I'm not in agreement with people blaming the "evil businessman" for making him take the loan he's walking away from.
I agree with everything you just stated, except the purchasers of the MBS assuming RE values would continue to increase.
There I disagree. Maybe some of them did, but others assumed they were protected by how the bonds were structured. The mortgages were sliced and diced into various “tranches” with varying credit risks. The lowest tranche would be the first to fail, and it was assumed, at historic default rates, that the AAA rated tranches were as safe as treasuries, since the lower rated pieces would absorb the losses.
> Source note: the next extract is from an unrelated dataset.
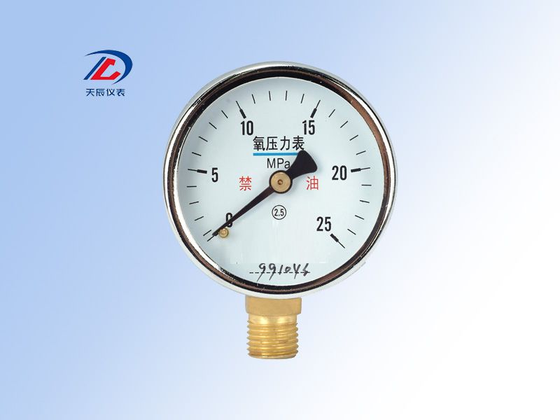 河南天辰測控儀表自主研發的氧氣壓力表儀表適用測量氧氣介質的壓力。嚴禁接觸油脂類物質。...

The quants who modeled this stuff on Wall Street, the risk managers at the asset management firms who bought the stuff (including large, professionally managed pension funds like CALPERS who now argue they were naive - lol), and the rating agencies, were all incorrect. Historical default rates were a poor indicator, especially considering the new, never tested, “exotic” loans being sold and securitized into MBS.
That being said, that's not what I really hear anyone really advocating (other than a few theorists who actually study markets and economics); no, what I hear politicians - particularly the crypto-soviets on the left - arguing is letting people walk away without any consequences whatsoever. That's not the same thing, and since it generally involves government using it's bully power to bear down on hapless lenders and use the threat of force to coerce the lenders into "going along" what's being advocated under a seemingly benign economic theory is, in fact, a very malign, age-old political ideology: socialism/communism.
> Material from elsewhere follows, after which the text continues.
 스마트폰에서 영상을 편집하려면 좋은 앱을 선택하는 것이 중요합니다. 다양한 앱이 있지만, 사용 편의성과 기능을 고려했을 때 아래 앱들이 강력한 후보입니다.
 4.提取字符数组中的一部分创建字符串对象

No, if people rationally decide to walk away from a house, that's because the cost of continuing to pay on the mortgage is greater than all of the other costs, including the massive hit to your credit rating that you should deservedly get because you clearly are a very unintelligent borrower as you got yourself into an investment that turned out to be so bad you had to abandon it. That is not the sort of person whom we want lenders lending to at prime, or below-prime, interest rates.
Your plan regulators are wrong. It is your money but you will pay a sizable penalty for early withdrawal.
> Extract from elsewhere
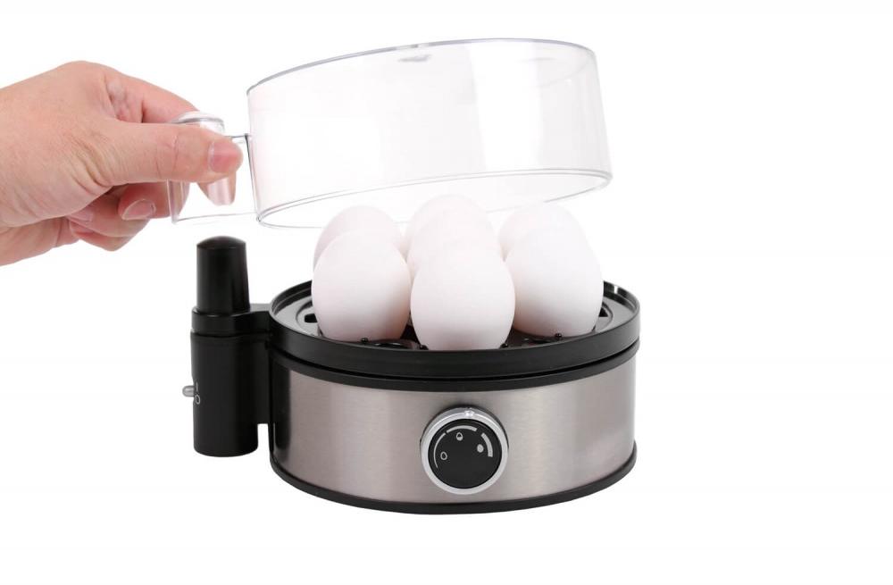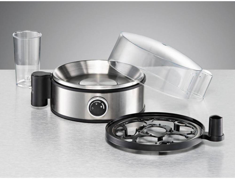 Die attraktive und clevere Lösung, leckere Eier für ein genussvolles Schlemmer-Frühstück zuzubereiten. Das einfache Bedienkonzept und die ausgezeichneten Kochergebnisse überzeugen! In einem Kochvorgang können bis zu 7 Eier zubereitet werden, dabei kann deren Härtegrad von weich bis hart individuell eingestellt werden. Die Kochzeit wird elektronisch gesteuert. Nach Ablauf ertönt ein Signalton und die Eier können schnell und sicher samt Eiereinsatz entnommen, abgeschreckt und serviert werden. Die pflegeleichte Heizschale aus Edelstahl und die praktische Kabelaufwicklung für nicht benötigtes Kabel sind weitere Pluspunkte dieses erstklassigen Küchenhelfers.

You should absolutely look into it. I actually cannot believe anyone would be dumb enough to tell that.
funny LOL
Tell them to write you the F-ing check or you will get an attorney.
The choices are:
Disbursement and they do an estimated witholding
or
Disbursement and you are solely responsible for paying the penalty.
That’s it.
As a matter of fact my home has declined 50% through no fault of my own. It sucks. But, as long as I can make that mortgage payment I will. Each payment pays it down a little and eventually I’ll no longer be underwater. You see, I bought my home to live in, not as an investment. When I bought I made an economic decision that is was worth $X, and I took on a mortgage and the obligation to pay that amount to the lender over the next 30 years. That’s what I intend to do as long as I am able.
As to “what if you weren’t able to?” Well, if I lose my job and am unable to find another, then I may not have any choice in the matter. That’s perfectly understandable and is quite common here in Las Vegas. But that doesn’t justify other people walking away if they have the means to keep paying just because their home is underwater.
OK> If you knew your home was worth 200,000 and you had a loan of $500K, would feel the same way? How about $100 and $600K?
“Remember burning draft cards? Burn your mortgage,” the blog DailyKos told readers recently...”
What a SURPRISE that the LibTards would run with this, LOL!
A contract cuts both ways. If you are so far out of wack that you will never be able to get ahead, turning the house back to the bank is an option.
That is part of the contract. The outrage on FR over people doing this, while accepting the same when large companies do the same, is kind of funny.